First, the basic format of ROW_NUMBER() is as follows.

SELECT
    column_name,
    ROW_NUMBER() OVER (PARTITION BY group_column ORDER BY sort_column) AS row_num
FROM
    table_name;

Meaning of each element

  • ROW_NUMBER(): Assigns a sequential number to each row.
  • OVER: Keyword used to define the window for a window function.
  • PARTITION BY: Groups data by the specified column. Optional. If omitted, numbering is applied across all rows.
  • ORDER BY: Defines the ordering used to assign numbers, i.e., the sorting criteria.

Basic example

For example, assume you have a table named “sales” with the following data.

employeedepartmentsale
ASales Department500
BSales Department800
CDevelopment Department600
DDevelopment Department700

To assign sequential numbers within each department in descending order of sales, use the following query.

SELECT
    employee,
    department,
    sale,
    ROW_NUMBER() OVER (PARTITION BY department ORDER BY sale DESC) AS row_num
FROM
    sales;

Result

employeedepartmentsalerow_num
BSales Department8001
ASales Department5002
DDevelopment Department7001
CDevelopment Department6002

From this result, you can see that rankings by sales within each department are displayed.

How to use PARTITION BY

In the example above, the data is grouped by the “department” column. This assigns a separate sequence for each department.
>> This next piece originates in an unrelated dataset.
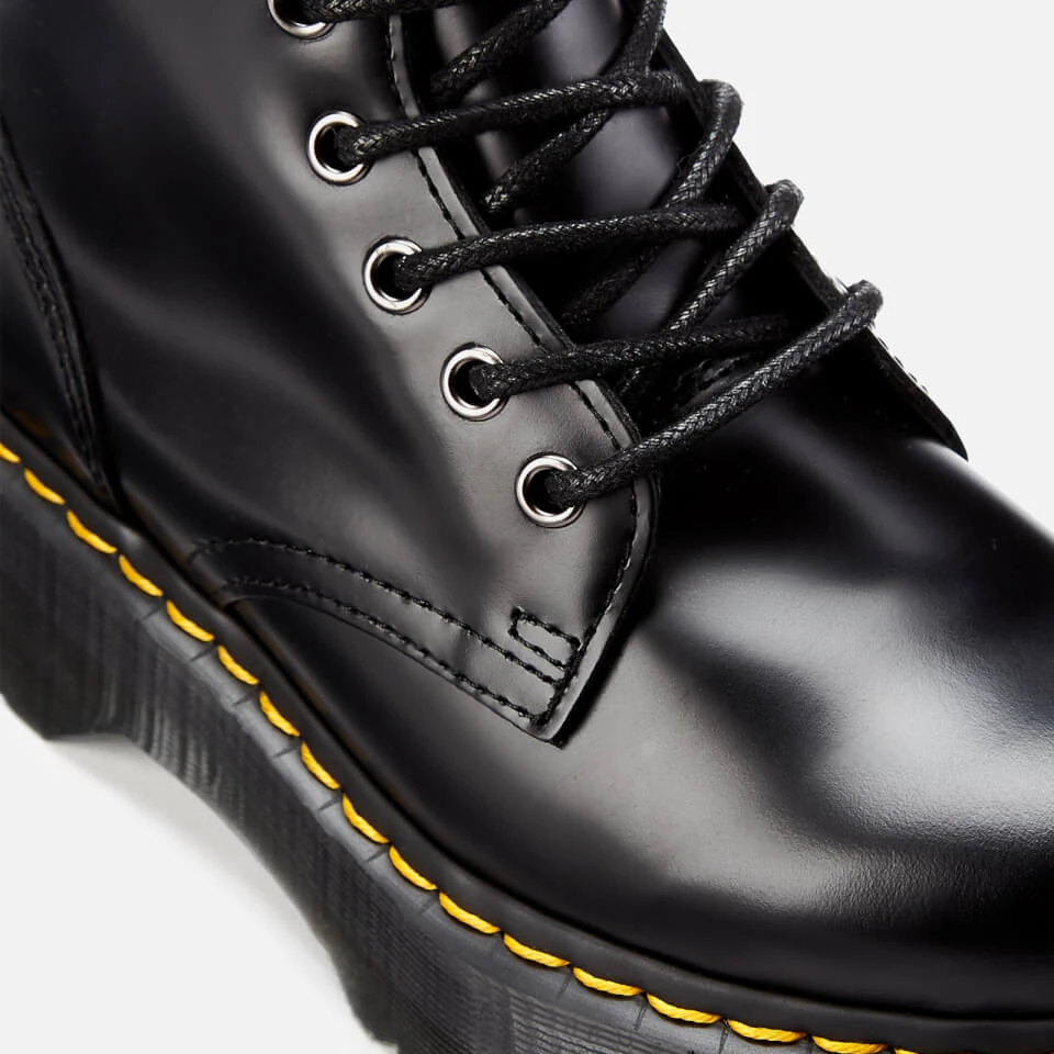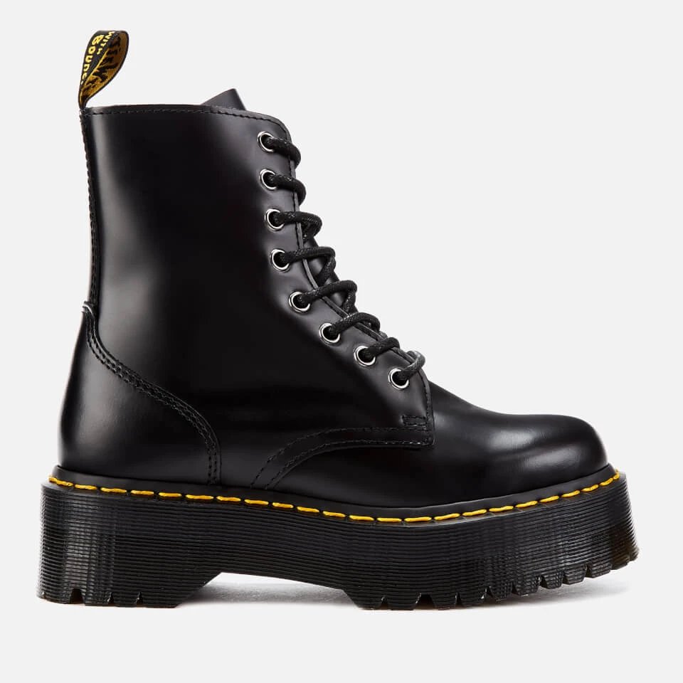 Based on the classic 1460 design, these sturdy Dr Martens boots grip the upper ankle, with the 8-eye fastening supporting the leg and foot. The strong, high-quality polished smooth leather is accentuated by the yellow stitching and heel loop. Dr Martens started life as humble work boots before becoming style icons. The products are both fashionable and practical, and they now cater to all: men, women and children, providing excellent foot care and a distinctive aesthetic to users.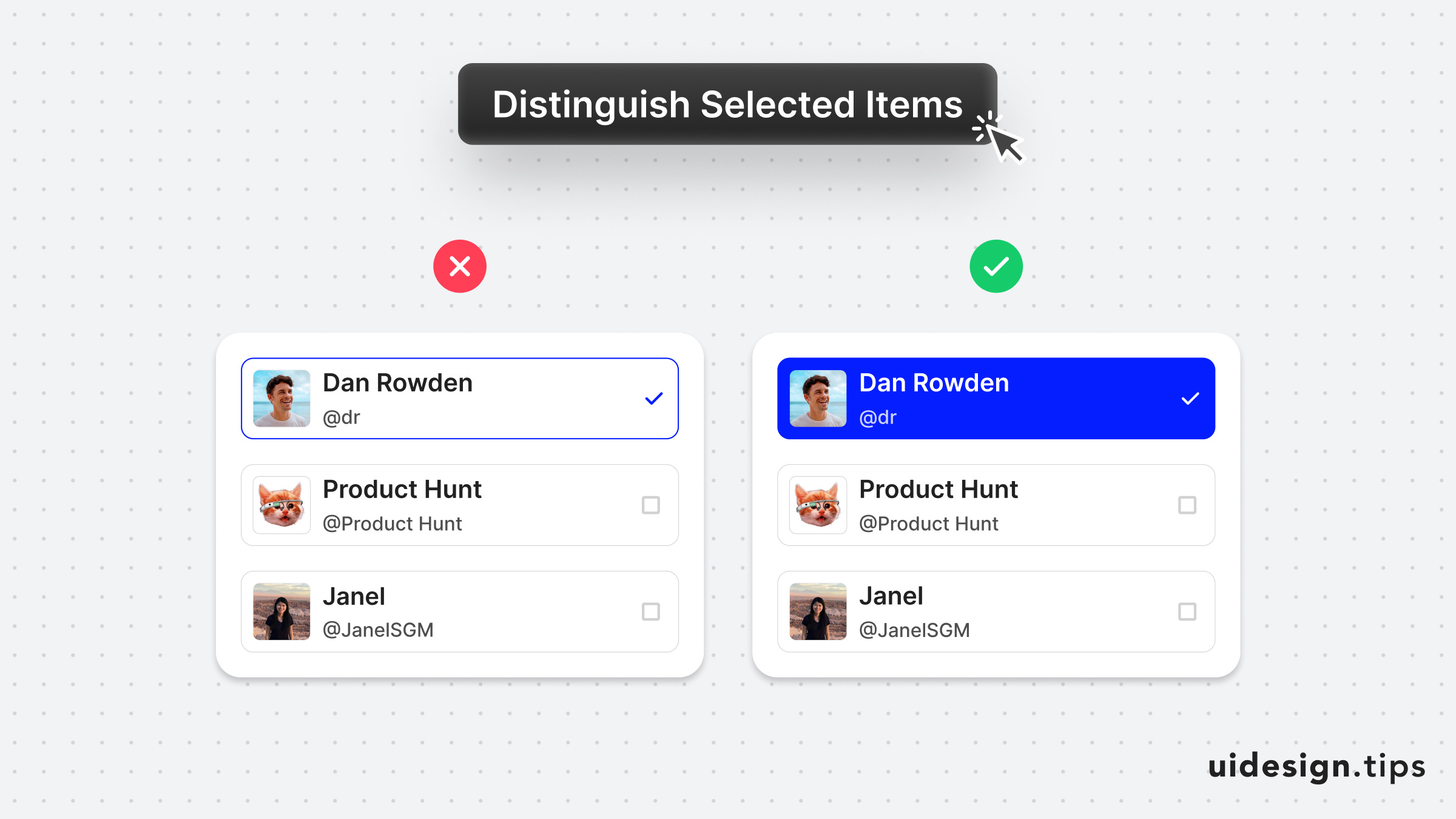 Always make sure that your selected items are easily identified at a glance.

If you omit PARTITION BY, numbering is assigned across all rows as one sequence.

SELECT
    employee,
    sale,
    ROW_NUMBER() OVER (ORDER BY sale DESC) AS row_num
FROM
    sales;

Result

employeesalerow_num
B8001
D7002
C6003
A5004

Characteristics and caveats of ROW_NUMBER()

  • Unique numbering: Even if values are the same, the assigned numbers are unique.
  • Handling NULLs: If ORDER BY includes NULLs, they appear first in ascending order and last in descending order.
  • Performance impact: For large datasets, ORDER BY can be expensive, so proper indexing is important.

3. Practical Use Cases

Here are practical scenarios using MySQL’s ROW_NUMBER() function. This function is useful in many real-world cases, such as ranking data and handling duplicates.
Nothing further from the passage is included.